Written by Alex Carrick | Feb 14, 2024 3:58:34 PM

Economic highlights from the United States and Canadian construction markets, in partnership with Oxford Economics

US Economy in a Nutshell

US construction starts contracted by 4.9% in 2023 to a value of $917 billion. The growing trend in megaprojects (those above $1 billion) continued in 2023, with the total value of such projects at a similar level to 2022. Non-residential building fell 1.5% after posting robust growth in the previous year. New residential building fell 18.3% on single-family and multi-family homebuilding declines. Civil engineering construction, by contrast, increased 13.3%. Construction starts declined in all major regions except the West in 2023.

Canadian Economy in a Nutshell

Canadian construction starts rose 5.8% in 2023 on solid growth in both new non-residential building and civil engineering. Non-residential building grew 15.4% with considerable variation across the sub-sectors. New engineering projects increased 16.2%. New homebuilding, by contrast, fell 12.7%, as rising interest rates and the ongoing house price correction took their toll.

The US Year in Review

2023 began with many forecasters predicting a recession in the US. But the US economy continually surprised to the upside, with annualized GDP growth above 2% throughout the year and even accelerating towards the end of the year. US GDP grew 2.5% in 2023 as a whole.

Consumers

The US consumer continued to prop up the economy despite inflation still above the Fed’s 2% target. Households were boosted by continuing strength in the labor market. The economy added an average of 255,000 non-farm jobs per month through the year, although job growth did slow through the course of the year. Average earnings also grew at a solid pace, with average hourly earnings rising 4.3% and weekly earnings by 3.7%.

Inflation

Inflation eased gradually through the course of the year—CPI inflation fell from 6.4% in January to 3.4% in December, although this was a slight pick-up from the low of 3.1% in November. Moreover, personal consumption expenditure (PCE) inflation, the Fed’s preferred gauge, fell from 5.5% in January to 2.6% in December.

Interest Rates

The Fed continued its tightening cycle early in the year, raising its target policy rate by 25 basis points (bps) in each of February, March, May, and July.

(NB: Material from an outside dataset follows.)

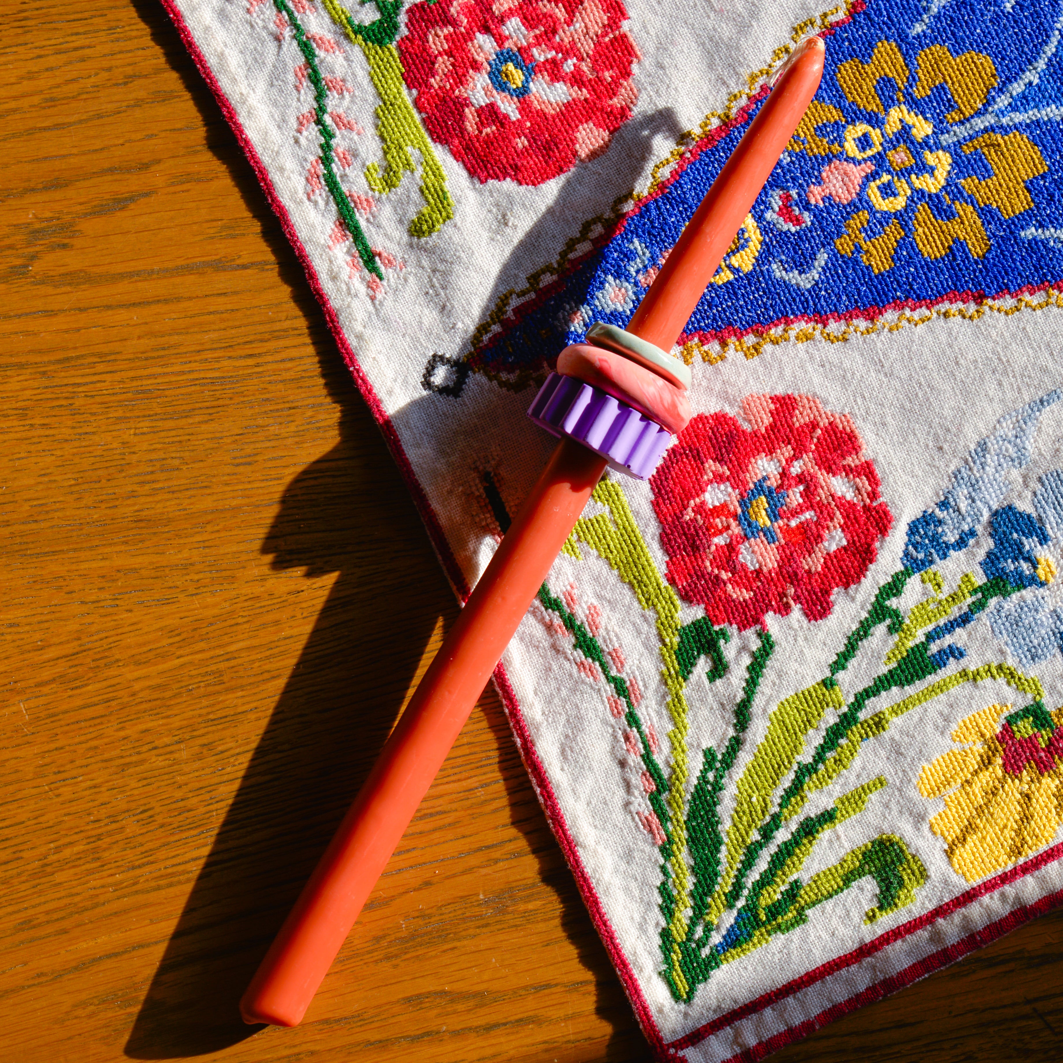 Συνοδεύεται από τρία χειροποίητα "δαχτυλίδια'' ρητίνης και κεραμικά για να ''παίξετε'' μαζί τους σε συνδυασμούς γαλάζιων και μωβ αποχρώσεων. Μετά την καύση της λαμπάδας, μπορείτε να τα χρησιμοποίησετε μικρά μενταγιόν περασμένα σε αλυσίδα ή ως αξεσουάρ σε key chain ή ως κρίκους πετσέτας φαγητού.

While it has paused rate rises since July, the Federal Funds Rate ended the year in a range of 5.25-5.5%, the highest level since 2001. This has fed into higher mortgage borrowing costs—the 30-year fixed rate was around 6.6% at year-end, from below 3% as recently as 2021. Capital spending slowed significantly in 2023, growing 0.5%, dragged down by a 10.7% decline in residential fixed investment.

Construction Materials

High construction material and labor costs have been a key theme since the end of the pandemic. On a more positive note, for the construction sector, material input costs mostly fell in 2023. Construction input costs, excluding capital, labor, and imports, fell 1.3% in 2023 following double-digit rises in 2021 and 2022, although the index returned to inflation in December 2023. Likewise, construction material costs, a less comprehensive input cost index, fell 2.8% in 2023 after strong increases in the previous two years.

Generally, lumber, metals, and energy costs were deflationary last year, although concrete and cement costs continued to grow. Construction output costs also slowed through the course of 2023, from 16.8% in January to 0.5% in December. Output prices generally lag input costs as it takes time for firms to adjust prices in response to rising input costs and underlying demand conditions. Construction labor cost inflation outpaced the economy as a whole, and job openings were near record levels for most of the year, suggesting that labor shortages remained a constraint in the sector.

Construction Starts

Total construction starts fell 4.9% in 2023 to a value of $917 billion. However, this followed two years of double-digit growth in 2021 and 2022, leaving total new construction 10.5% above its pre-pandemic level in 2019.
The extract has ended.